How are commissions? Busy? Yeah.
Need any help with anything? No? Okay. Feel free to ask if you do.
"Ughhhhh, this heat. Whyyyy did I move to the desert...?! Oh hey, sorry. I'm just busy dying... Ughhhhhh...."
Buddy:
"I keep running out of water... No, not with the machines, it's my garden. Think I got a bit overzealous..."
“Hey, you explore the ruins lately? Find anything cool? I mostly turned up a bunch of cheap plastic junk, but there are some interesting things here and there.”
“If you wanna use the telescope without risking Qi giving you the stinkeye, he never uses it between 3 and 4 AM on Mondays, Wednesdays, and Thursdays. Yeah, odd hours. But this is Qi we’re talking about, remember?”
“I don’t mind taking up something extra if it’ll help you out. With a guy like Yan at the helm, we need each other’s backs as much as possible…”
“Slow going machine? Hmm… Here, let me. I know a trick to make this a little faster…”
Good Friend:
“Quick question: what’s your favorite plant? …I see, I see. Lemme see if I can get my hands on it and we’ll see if it can grow out here!”
“Do I miss Highwind? Eh, yes and no. I’ve still got a chip on my shoulder about the place, but…it doesn’t matter now. I’ve got Sandrock. And I’ve got you.”
“My aunt Solanum sent me more pomato seeds again… You want any? No? Okay. …You want any potatoes or tomatoes? Swing by my place if you do. I have…many.”
I always keep my screwdriver set on me. You probably should too. You never know when you’ll come across something that needs screwing, or something that needs a little leverage, or a time when you need a stabbing weapon! …What? Never an impossibility.”
Sandstorm: “Careful out there. It’s already hard to see and the sandhat only makes it worse. Stay close to landmarks you recognize.”
Rain: “Raaaaaain! Oh man, I don’t have to water all gajillion of my plants today! Yaaaaay!”
Player has a new haircut: “Hm? Oh, new hair! Looks good.”
Player has panda eyes: “Hey, you good? It’s not really worth it to try and squeeze out work past like, 10 PM. Trust me, I would know.”
Player cuts a tree in front of Wis: “Oi, oi. That was a nice tree, I’ll have you know. Not many of those around here. Now it’s dead.”

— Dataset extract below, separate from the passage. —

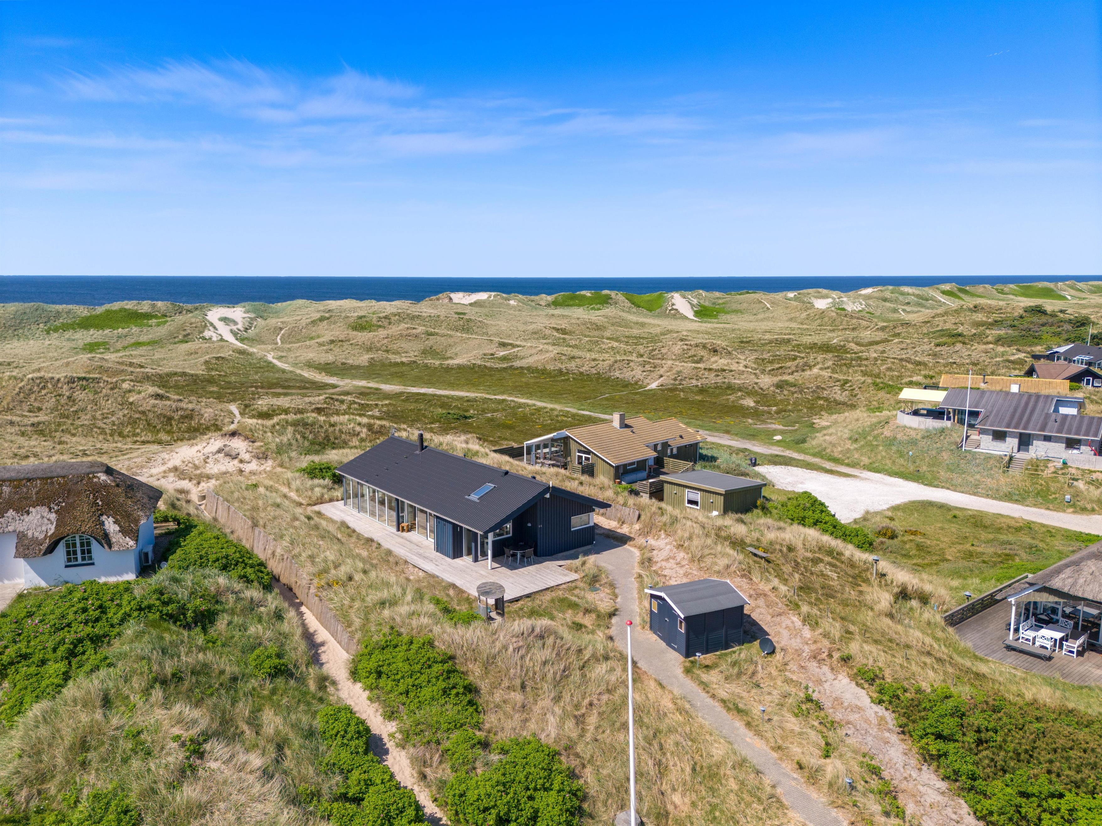 4,0Dette skønne sommerhus, opført i 2017, er beliggende som det sidste hus på en mindre grusvej, på en stor naturgrund helt op til fredningslinjen og tæt på det skønne Vesterhav. Huset er indrettet med et lyst kombineret køkken og stueområde, fire soveværelser,

Player attacks Wis with a weapon: “Ack! Be careful! That’s not a sparring weapon!”
Birthday: "My birthday? Fall 26. Born just before the end of the best season. Yes, fall is the best season. Objectively true."
Day of the Bright Sun: “I wanna take a closer look at the airship, but every time I look up, I’m conked in the head by a present…”
Showdown at High Noon: “Sparring is supposed to be safe, but we’re still swinging stone weapons around… Oh, and Qi might be slow, but that hammer is still 100% steel. Don’t get bonked.”
Day of Memories: “Who am I remembering? Well, I don’t know what kind of person they were. I don’t even know their name. All I know is that they lived a long, long time ago…and I see their face every time I look in the mirror.”
Tour de Rock: “I think most of the budget for Sandapalooza goes into injury compensation. And lawyer’s fees. For uh, the injury lawsuits. But um…you didn’t hear that from me.”
Running of the Yakmel: “Horses, I can handle. Yakmel, I can’t.”
Winter Solstice: [with a full mouth] “Mmm, hey. Have you tried this kebab? It’s really good!”
Loved gifts:
Floating galaxy: “Oooooh, look at this! It’s so pretty! You can look at the stars whenever you want! Thank you!”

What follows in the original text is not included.